Ultra60/root# zpool status zpool2
pool: zpool2
state: ONLINE
scrub: none requested
config:

NAME STATE READ WRITE CKSUM
zpool2 ONLINE 0 0 0
mirror ONLINE 0 0 0
c4t0d0s0 ONLINE 0 0 0
c5t0d0s0 ONLINE 0 0 0

errors: No known data errors
The Base Test: No Write Cache

A standard needed to be created by which each additional run could be tested against. This base test was a straight create and copy.

ZFS is a tremendously fast system for creating a mirrored pool under. A 2TB mirrored poll takes only 4 seconds on an old dual 450MHz UltraSPARC II.
# Create mirrored pool of 2x 2.0TB drives
Ultra60/root# time zpool create -m /u003 zpool3 mirror c8t0d0 c9t0d0

real 0m4.09s
user 0m0.74s
sys 0m0.75s
The data to be copied with source and destination storage is easily listed.
# show source and destination zpools
Ultra60/root# zpool list
NAME SIZE USED AVAIL CAP HEALTH ALTROOT
zpool2 1.36T 905G 487G 65% ONLINE -
zpool3 1.81T 85.5K 1.81T 0% ONLINE -

The copy of over 900 GB between mirrored USB pairs takes about 41 hours.
# perform copy of 905GBytes of data from old source to new destination zpool
Ultra60/root# cd /u002 ; time cp -r . /u003
real 41h6m14.98s
user 0m47.54s
sys 5h36m59.29s
The time to destroy the 2 TB mirrored pool holding 900GB of data was about 2 seconds.
# erase and unmount new destination zpool
Ultra60/root# time zpool destroy zpool3
real 0m2.19s
user 0m0.02s
sys 0m0.14s
Another Base Test: Quad Mirrored Write Cache

The ZFS Intent Log can be split from the mirror onto higher throughput media, for the purpose of speeding writes. Because this is a write cache, it is extremely important that this media is redundant - a loss to the write cache can result in a corrupt pool and loss of data.
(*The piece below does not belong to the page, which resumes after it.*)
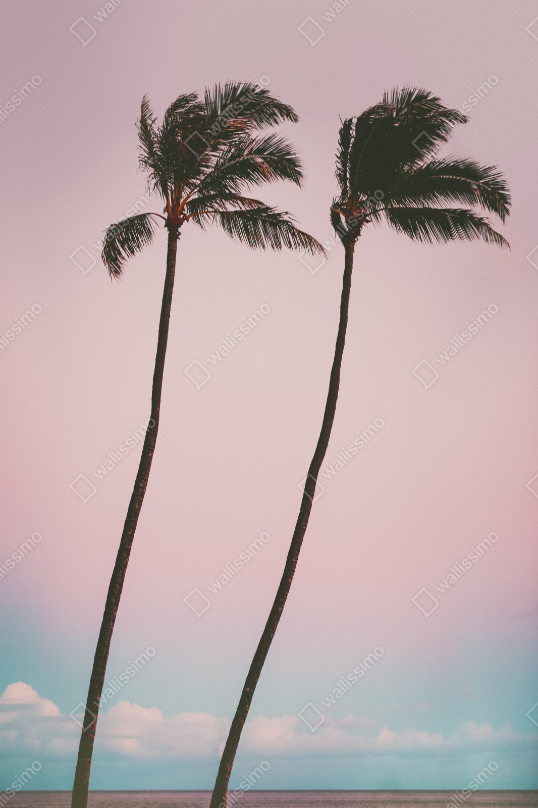 Wprowadź uspokajającą tropikalną atmosferę do wnętrza dzięki dwóm pastelowym palmom kołyszącym się nad spokojnym horyzontem morza.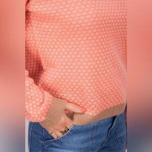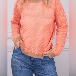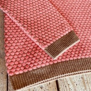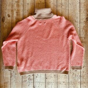 Jumper 1234 Cashmere Sweater Coral Pink and Tan Textured Knit Turtleneck Large

The first test was to create a quad mirrored write cache. With 2 GB of RAM, there is absolutely no way that the quad 8 GB sticks would ever have more than a fraction flash used, but the hope is that such a small amount of flash used would allow the commodity sticks to perform well.

The 4x 8GB sticks were inserted into the system, they were found, formatted (see this article for additional USB stick handling under Solaris 10), and the system was now ready to accept them for creating a new destination pool.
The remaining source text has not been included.